Northern Iowa, which closed regulation on a remarkable 14-2 run, also scored the first three points of overtime on an old-fashioned three-point play from House. Neither team led by more than three points in the first overtime, with Texas A&M needing a two-handed runner in the lane from Caruso with 5.9 seconds left.

"Plenty of time," Gminski, the color analyst said. This time, Jesperson did receive the inbounds pass and he tried to see if you could pull two rabbits out of the same hat. With just over four seconds left in overtime – enough for maybe two more dribbles, or one pass and one dribble – he pulled up from very nearly the same spot of his shot that beat Texas.

"Jesperson, are you kidding me!?" said Blackburn. But Jesperson's shot was off the mark and there was actually enough time for Caruso to attempt a last-second heave of his own, which appeared to have the right trajectory, but it was short on length.

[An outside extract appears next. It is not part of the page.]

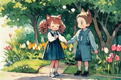 Masterpiece, Top quality, Super fine, (Sepia: 0.5), Retro, Antique, Nostalgia, View from below, Looking down, Solo, Beautiful woman, Blonde (long hair, straight hair, blunt bangs, bangs above the eyebrows))), blue eyes (sanpaku eyes), sitting on the sofa, resting elbow on knee, hand on cheek, smile (mouth closed), blazer, pleated skirt , Mary Jane shoes, background (red, white, blue)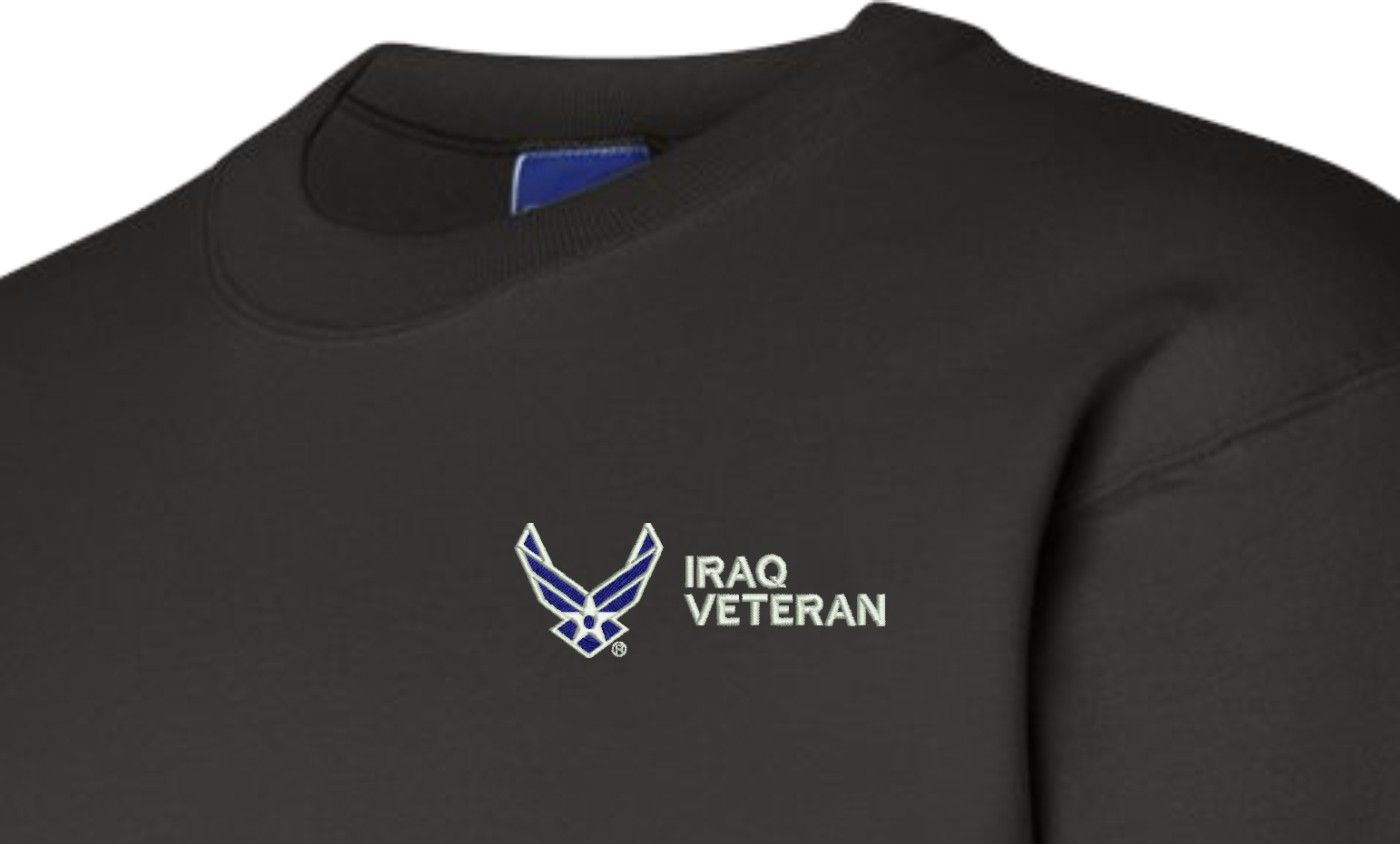MilitaryBest has expanded its line of apparel with this custom embroidered U.S. Air Force Iraq Veteran Sweatshirt. Each sweatshirt is direct embroidered onto either a Champion or Jerzees brand sweatshirt using a 9.5 oz 50/50 Cotton Poly blend material. This U.S. Air Force Iraq Veteran Sweatshirt will make an excellent addition to your wardrobe, or a great gift. Your satisfaction is Guaranteed! This U.S. Air Force Iraq Veteran Sweatshirt is custom embroidered at our facilities in Scottsboro, AL.

The teams went to a second overtime.

The second overtime

Texas A&M outscored Northern Iowa 9-5 in the second overtime, when perhaps the law of averages caught up to the once-powering Panthers. Give a more talented team, as defined by things like NBA careers and recruiting evaluations, more time, and odds are they'll be more likely to win.

No one scored for the first minute and 28 seconds of overtime, until Northern Iowa's Morgan made a free throw. Texas A&M then rattled off five points in a row. With about seven seconds left and Texas A&M up four, Morgan's 3-point attempt was off the mark, and the collapse was complete.

Texas A&M went down in the record book as the team that overcame the largest deficit with less than one minute remaining to win the game.